# EXERCISE DATA
#####

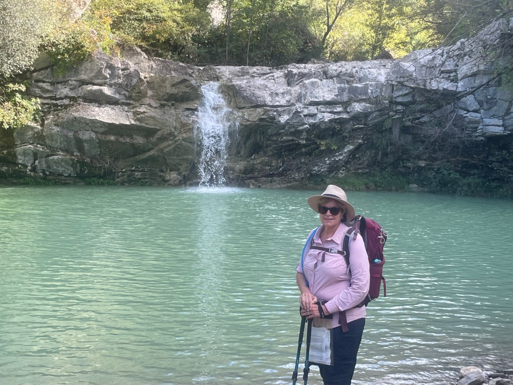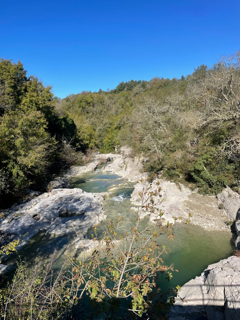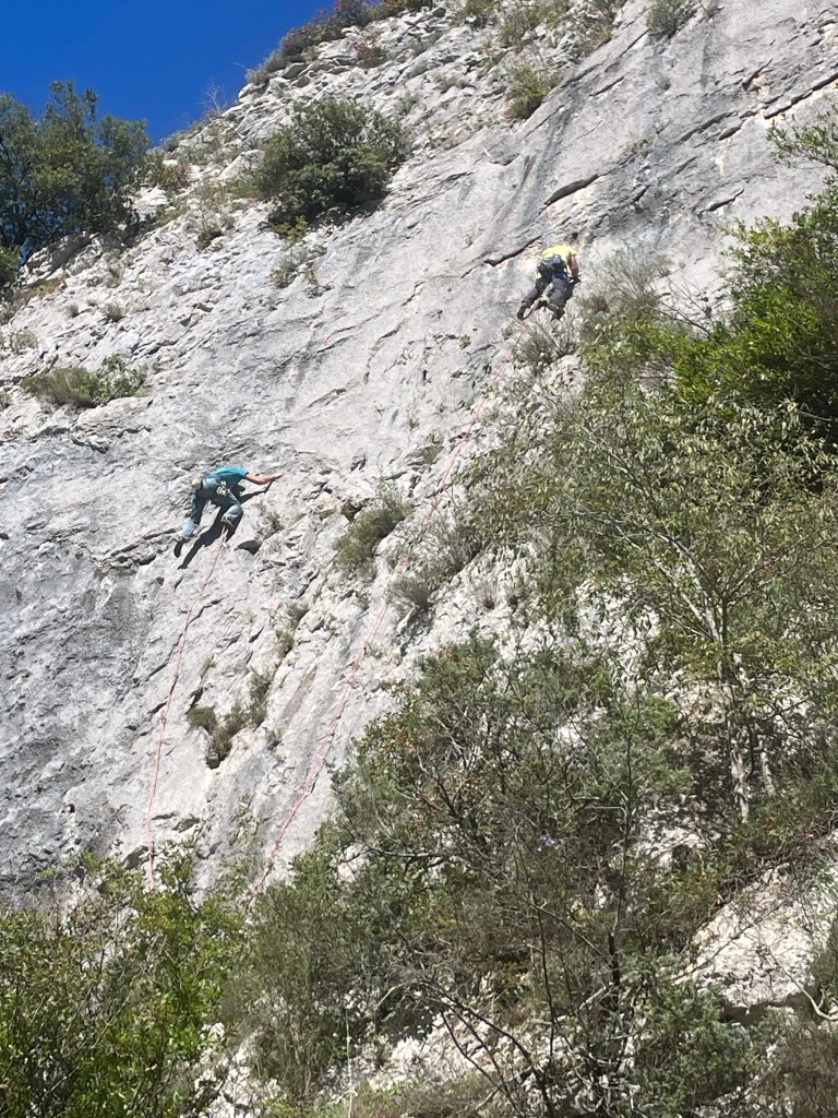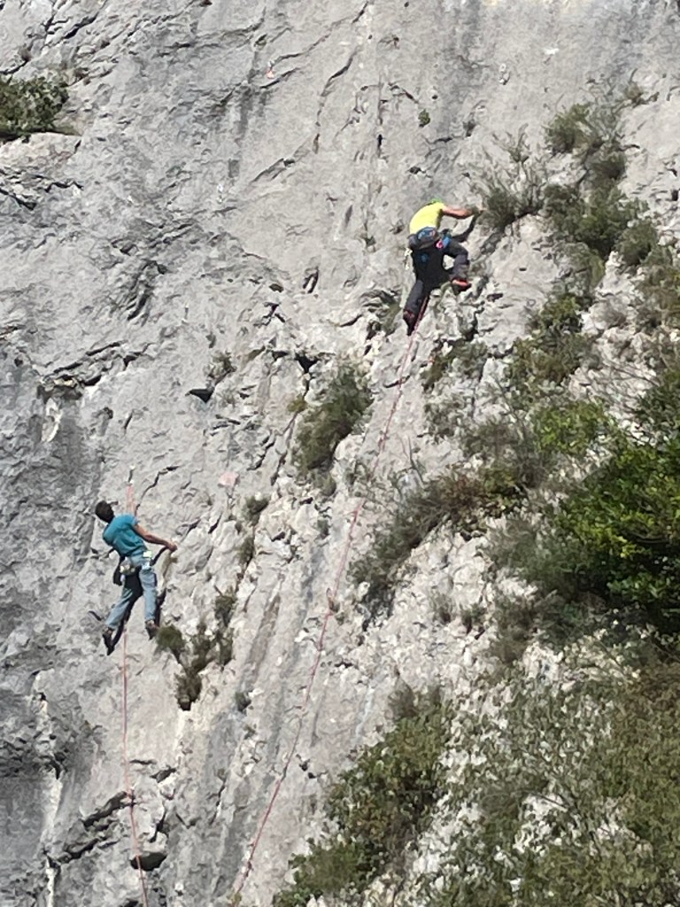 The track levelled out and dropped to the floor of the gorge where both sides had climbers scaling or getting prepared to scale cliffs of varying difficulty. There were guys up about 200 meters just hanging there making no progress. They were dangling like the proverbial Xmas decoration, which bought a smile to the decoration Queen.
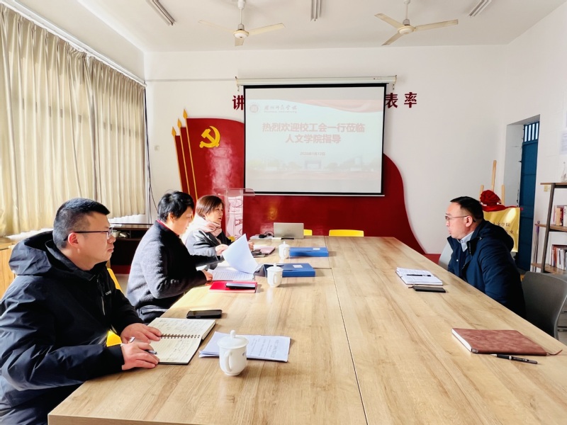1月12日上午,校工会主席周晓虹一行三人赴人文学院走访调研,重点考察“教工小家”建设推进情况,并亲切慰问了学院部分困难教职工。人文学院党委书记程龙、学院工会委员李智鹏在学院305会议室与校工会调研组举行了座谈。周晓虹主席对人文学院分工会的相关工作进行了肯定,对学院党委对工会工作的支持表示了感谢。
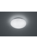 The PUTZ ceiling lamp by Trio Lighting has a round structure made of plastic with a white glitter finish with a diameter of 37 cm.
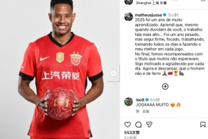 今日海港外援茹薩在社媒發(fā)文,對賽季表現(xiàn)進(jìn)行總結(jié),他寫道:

#####

# INSTRUCTIONS TO FOLLOW
Without copying any picture, write out all of the material exactly as it reads.

# ANSWER
 The track levelled out and dropped to the floor of the gorge where both sides had climbers scaling or getting prepared to scale cliffs of varying difficulty. There were guys up about 200 meters just hanging there making no progress. They were dangling like the proverbial Xmas decoration, which bought a smile to the decoration Queen.
1月12日上午,校工会主席周晓虹一行三人赴人文学院走访调研,重点考察“教工小家”建设推进情况,并亲切慰问了学院部分困难教职工。人文学院党委书记程龙、学院工会委员李智鹏在学院305会议室与校工会调研组举行了座谈。周晓虹主席对人文学院分工会的相关工作进行了肯定,对学院党委对工会工作的支持表示了感谢。
 The PUTZ ceiling lamp by Trio Lighting has a round structure made of plastic with a white glitter finish with a diameter of 37 cm.
 今日海港外援茹薩在社媒發(fā)文,對賽季表現(xiàn)進(jìn)行總結(jié),他寫道:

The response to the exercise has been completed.